>>
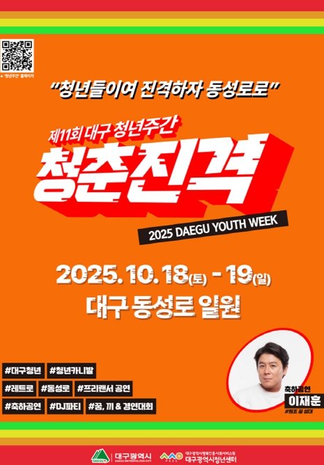 [무한뉴스=최진수 기자] 대구광역시는 10월 18일부터 19일까지 이틀간, 동성로 일대(CGV대구한일~동성로28아트스퀘어~구 중앙파출소)에서 ‘2025 대구청년주간’을 개최한다.
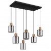 Moderne Lampen aus Metall in Mattschwarz und mit Glasschirmen in Rauchfarbe, ergänzt durch ein hölzernes, braunes Element. Perfekt für Wohnzimmer, Küchen, Esszimmer und Schlafzimmer. Die Lampen werden ohne Leuchtmittel geliefert. Mit E27-Fassung. |
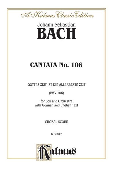 Subtitled 'God's Time is the Very Best Time,' the text consists of different Bible verses of the Old and New Testament, as well as individual verses of old church songs by Martin Luther and Adam Reusner. There are two distinct parts to the cantata: the view of the Old Testament on death shown in the first part is confronted by the second part, representing the view of the New Testament; the separation of the old by the new determines the symmetrical structure of the cantata. This is the choral score of the work, with English and German texts, and with piano accompaniment. 37 pages, 7 by 8 ½ inches.
<<
## What is required
When you copy the lines above, drop the pictures and keep everything else exact.

## Your response
 [무한뉴스=최진수 기자] 대구광역시는 10월 18일부터 19일까지 이틀간, 동성로 일대(CGV대구한일~동성로28아트스퀘어~구 중앙파출소)에서 ‘2025 대구청년주간’을 개최한다.
 Moderne Lampen aus Metall in Mattschwarz und mit Glasschirmen in Rauchfarbe, ergänzt durch ein hölzernes, braunes Element. Perfekt für Wohnzimmer, Küchen, Esszimmer und Schlafzimmer. Die Lampen werden ohne Leuchtmittel geliefert. Mit E27-Fassung. |
 Subtitled 'God's Time is the Very Best Time,' the text consists of different Bible verses of the Old and New Testament, as well as individual verses of old church songs by Martin Luther and Adam Reusner. There are two distinct parts to the cantata: the view of the Old Testament on death shown in the first part is confronted by the second part, representing the view of the New Testament; the separation of the old by the new determines the symmetrical structure of the cantata. This is the choral score of the work, with English and German texts, and with piano accompaniment. 37 pages, 7 by 8 ½ inches.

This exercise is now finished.